◆ **What you will do**
What's wanted is each entry repeated verbatim, minus its images.

Items from a data source:
════

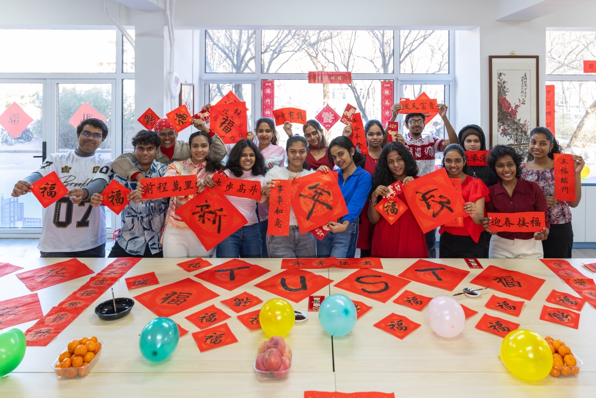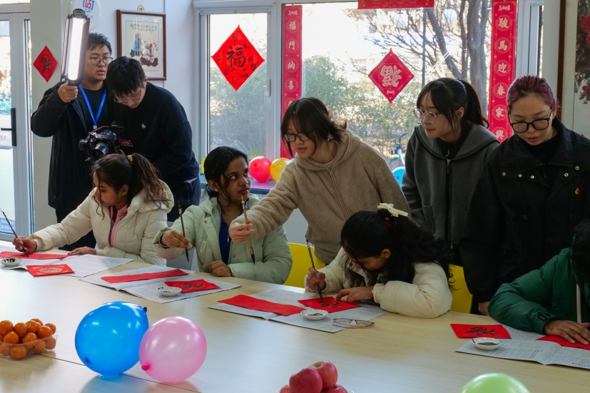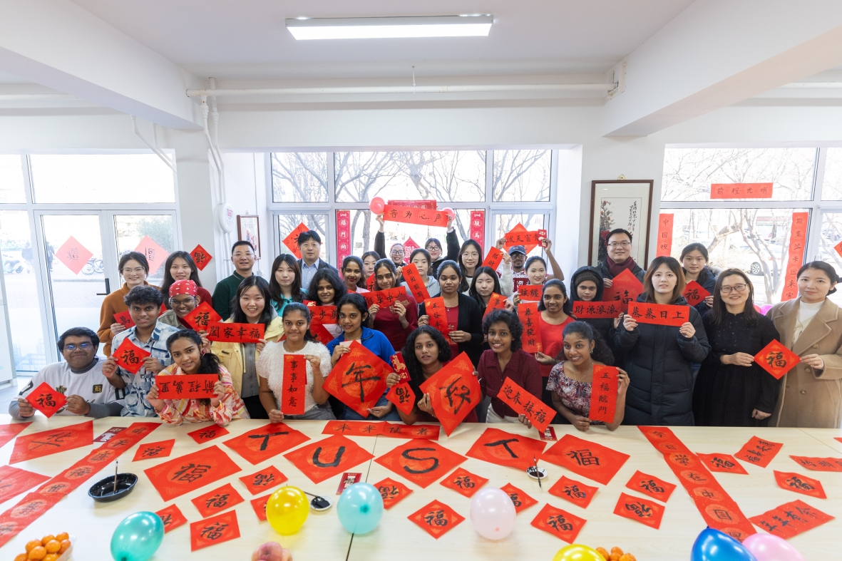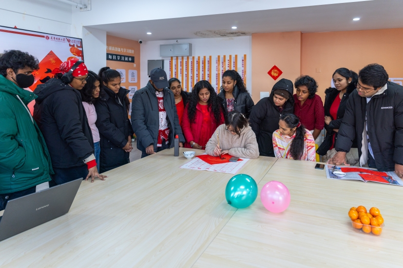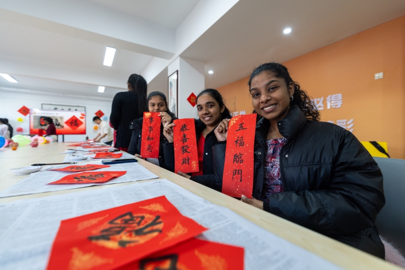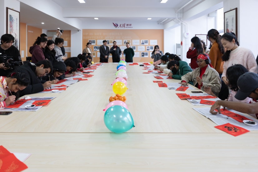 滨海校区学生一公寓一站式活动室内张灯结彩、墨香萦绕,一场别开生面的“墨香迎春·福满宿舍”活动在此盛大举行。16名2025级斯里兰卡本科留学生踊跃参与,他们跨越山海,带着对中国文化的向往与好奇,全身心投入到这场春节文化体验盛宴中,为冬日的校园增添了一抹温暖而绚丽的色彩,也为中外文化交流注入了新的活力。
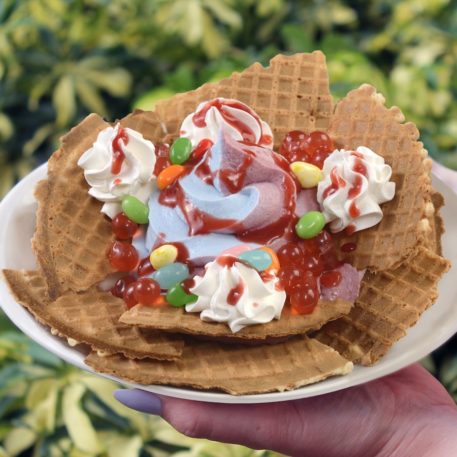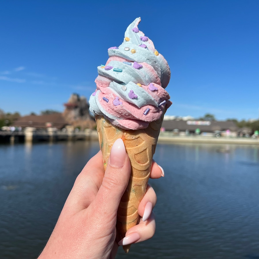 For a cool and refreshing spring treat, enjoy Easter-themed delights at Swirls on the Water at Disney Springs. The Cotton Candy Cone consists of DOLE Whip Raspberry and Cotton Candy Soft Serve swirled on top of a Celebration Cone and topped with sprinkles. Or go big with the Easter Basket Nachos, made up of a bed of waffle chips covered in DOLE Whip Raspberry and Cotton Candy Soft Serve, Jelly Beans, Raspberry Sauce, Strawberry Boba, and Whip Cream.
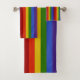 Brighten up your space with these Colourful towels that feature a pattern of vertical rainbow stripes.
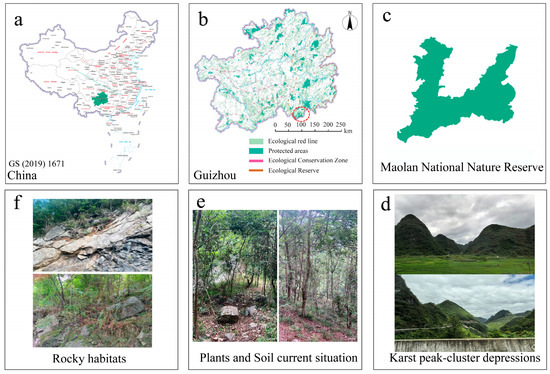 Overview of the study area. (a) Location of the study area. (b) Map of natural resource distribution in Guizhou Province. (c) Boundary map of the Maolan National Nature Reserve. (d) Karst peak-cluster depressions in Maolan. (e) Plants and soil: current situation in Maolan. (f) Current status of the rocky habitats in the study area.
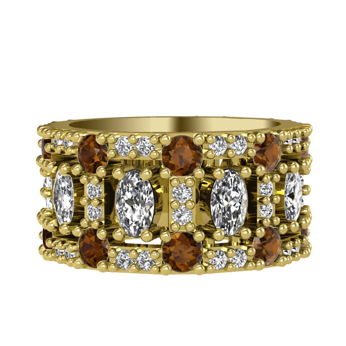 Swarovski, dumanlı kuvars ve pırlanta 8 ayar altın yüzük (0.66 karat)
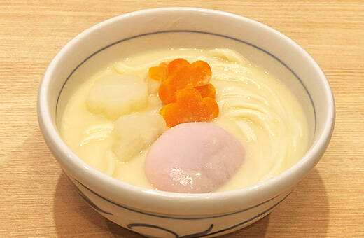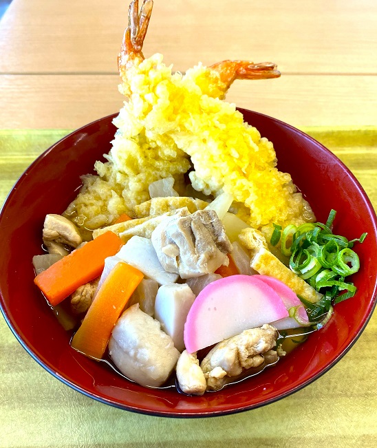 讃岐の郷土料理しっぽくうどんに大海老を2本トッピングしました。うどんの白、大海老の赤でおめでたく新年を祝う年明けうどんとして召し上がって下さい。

════

◆ **Exercise solution**
 滨海校区学生一公寓一站式活动室内张灯结彩、墨香萦绕,一场别开生面的“墨香迎春·福满宿舍”活动在此盛大举行。16名2025级斯里兰卡本科留学生踊跃参与,他们跨越山海,带着对中国文化的向往与好奇,全身心投入到这场春节文化体验盛宴中,为冬日的校园增添了一抹温暖而绚丽的色彩,也为中外文化交流注入了新的活力。
 For a cool and refreshing spring treat, enjoy Easter-themed delights at Swirls on the Water at Disney Springs. The Cotton Candy Cone consists of DOLE Whip Raspberry and Cotton Candy Soft Serve swirled on top of a Celebration Cone and topped with sprinkles. Or go big with the Easter Basket Nachos, made up of a bed of waffle chips covered in DOLE Whip Raspberry and Cotton Candy Soft Serve, Jelly Beans, Raspberry Sauce, Strawberry Boba, and Whip Cream.
 Brighten up your space with these Colourful towels that feature a pattern of vertical rainbow stripes.
 Overview of the study area. (a) Location of the study area. (b) Map of natural resource distribution in Guizhou Province. (c) Boundary map of the Maolan National Nature Reserve. (d) Karst peak-cluster depressions in Maolan. (e) Plants and soil: current situation in Maolan. (f) Current status of the rocky habitats in the study area.
 Swarovski, dumanlı kuvars ve pırlanta 8 ayar altın yüzük (0.66 karat)
 讃岐の郷土料理しっぽくうどんに大海老を2本トッピングしました。うどんの白、大海老の赤でおめでたく新年を祝う年明けうどんとして召し上がって下さい。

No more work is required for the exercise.